In an electromyoneurography procedure, recording of the muscle is done by insertion of a needle. The recordings are taken when the muscle is at rest and when the muscle is contracting; the muscle will contract based on the directions of the one performing the test (instructing the patient to move certain body parts in certain directions forming muscle contractions). Various regions of muscle on the body are examined in an electromyoneurography test and the procedure lasts anywhere between 30 and 60 minutes (2–5 minutes per muscle). In addition to examining the muscles, the conduction velocity of nerve signals are measured. The nerve's ability to transmit signals is tested by inserting recording electrodes to capture the data and signal electrodes to initiate signals down a nerve by applying a small shock. Self-generated potentials also occur naturally for recording, in addition to the artificial "shock". Evaluating a nerve's conduction velocity, together with testing potentials, allows for a beneficial diagnosis that can detect pain and sensory problems at the neuromuscular level.

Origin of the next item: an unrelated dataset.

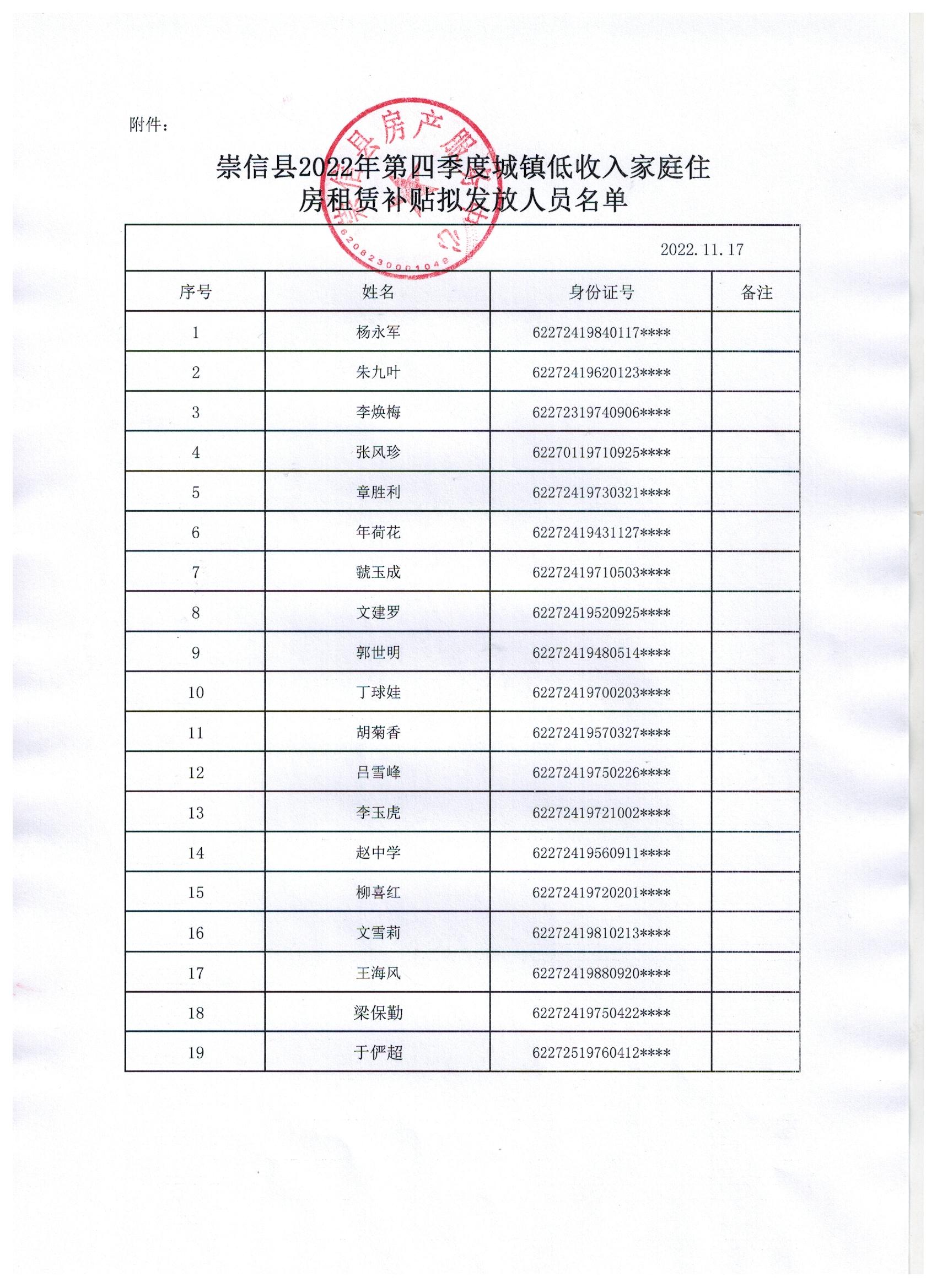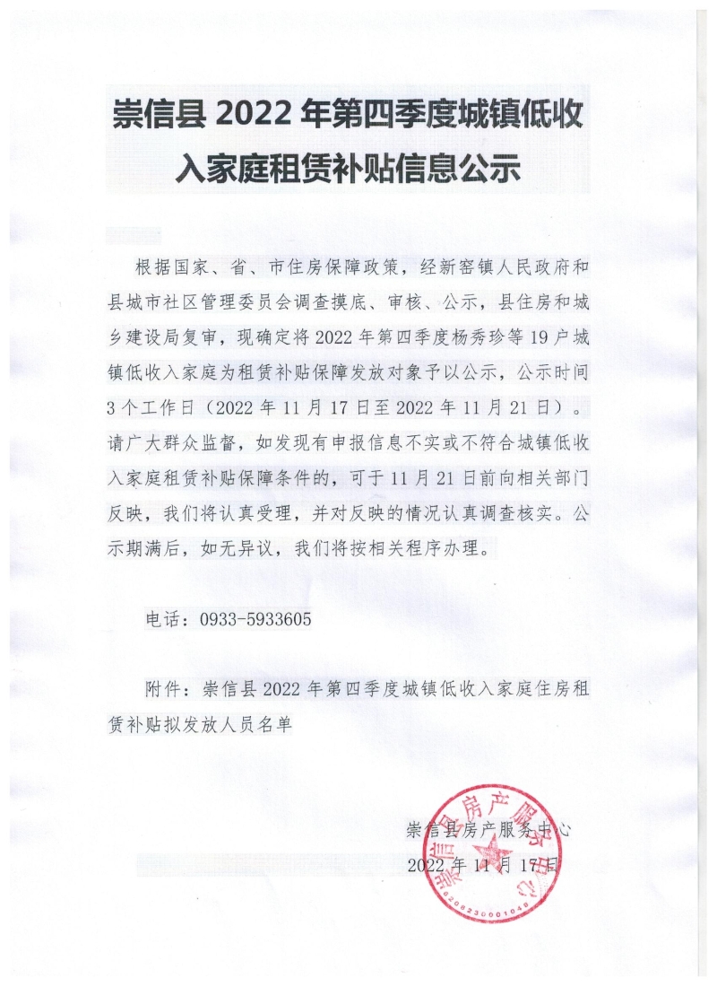 崇信县2022年第四季度城镇低收入家庭租赁补贴信息公示 发文日期:2022-11-17 16:59 来源:崇信县住建局 作者:朱晶 编辑:朱晶 扫一扫在手机打开当前页 上一篇: 2022年安全住房提升改造项目完成情况公示 下一篇: 崇信县2022年第三季度城镇低收入家庭租赁补贴信息公示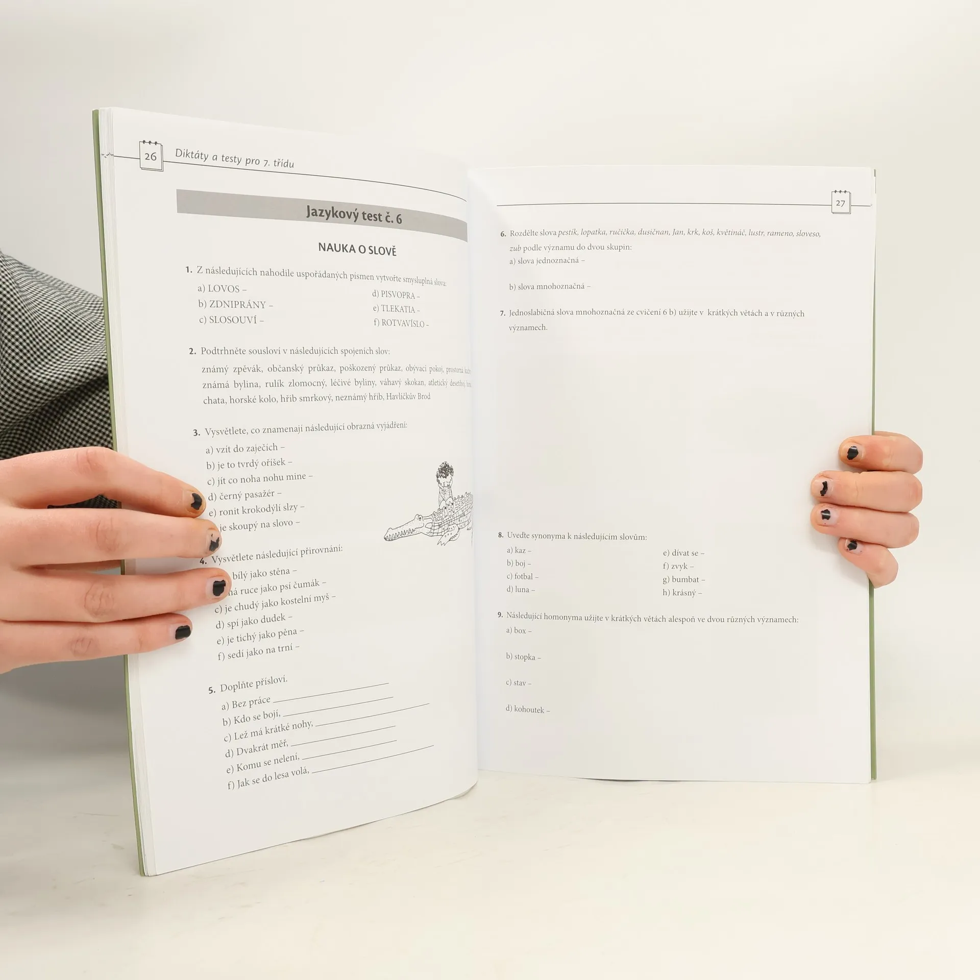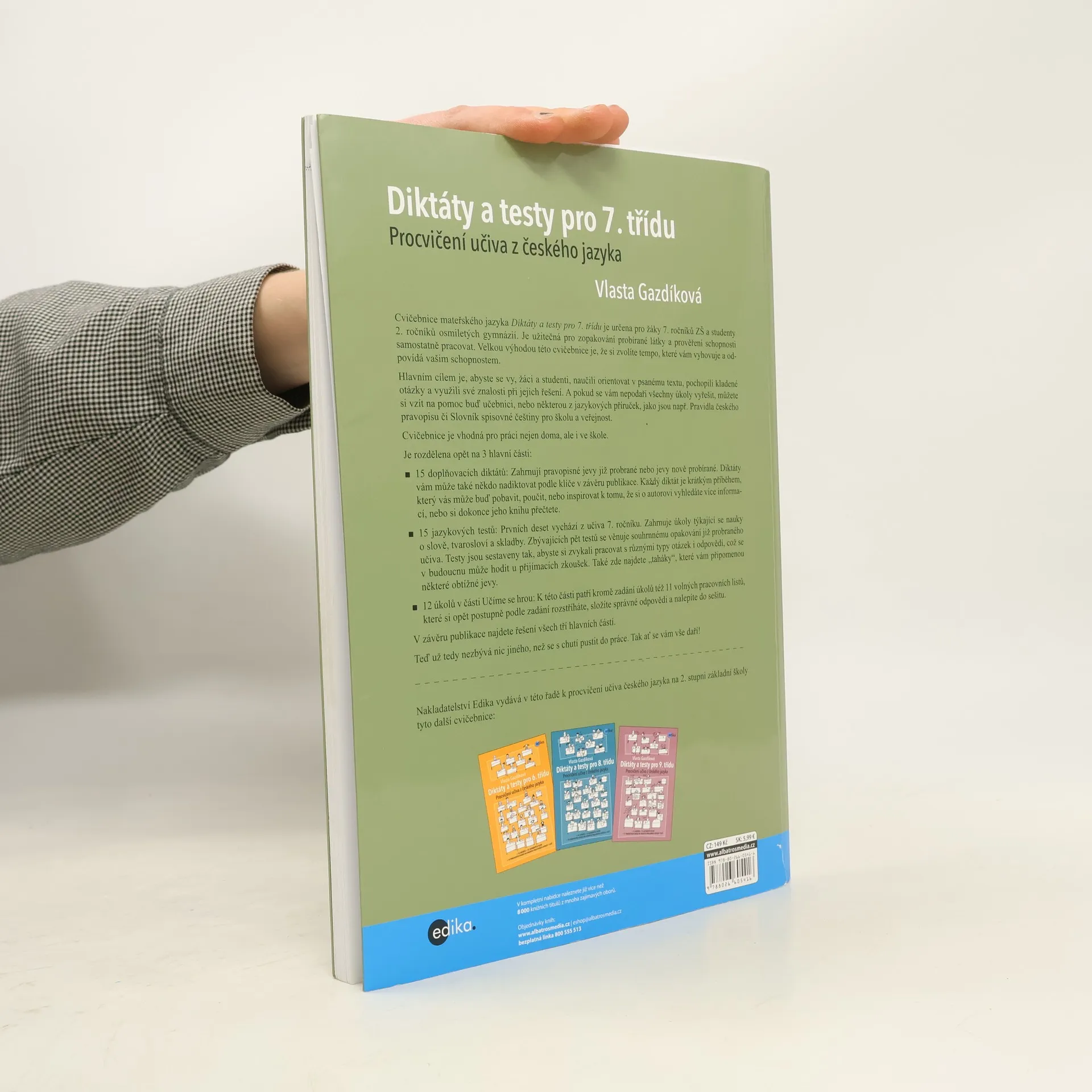 Cvičebnice mateřského jazyka Diktáty a testy pro 7. třídu je určena pro žáky 7. ročníků ZŠ a studenty 2. ročníků osmiletých gymnázií. Je užitečná pro zopakování probírané látky a prověření schopnosti samostatně pracovat. Velkou výhodou této cvičebnice je, že si zvolíte tempo, které vám vyhovuje a odpovídá vašim schopnostem. Hlavním cílem je, abyste se vy, žáci a studenti, naučili orientovat v psanému textu, pochopili kladené otázky a využili své znalosti při jejich řešení. A pokud se vám nepodaří všechny úkoly vyřešit, můžete si vzít na pomoc buď učebnici, nebo některou z jazykových příruček, jako jsou např. Pravidla českého pravopisu či Slovník spisovné češtiny pro školu a veřejnost. Cvičebnice je vhodná pro práci nejen doma, ale i ve škole.

== Expected Test Results ==

Action potential propagation animation

The needle is normally attached to a recording device known as an electromyography machine. The results show the appearance of action potential or graded potential spikes. While interpretation of the results requires background knowledge, irregular data can be used to diagnose many diseases. If the activity of the nerves at rest is abnormal, this may indicate nerve lesion, radiculopathy, or lower motor nerve degeneration. The amplitude or duration of the potential spike may also be used to gather information. A decreased amplitude or duration may indicate nerve damage due to a muscle diseases, whereas an increase in these demonstrates reinervation, or repair by new nerve connections to the muscles, has occurred.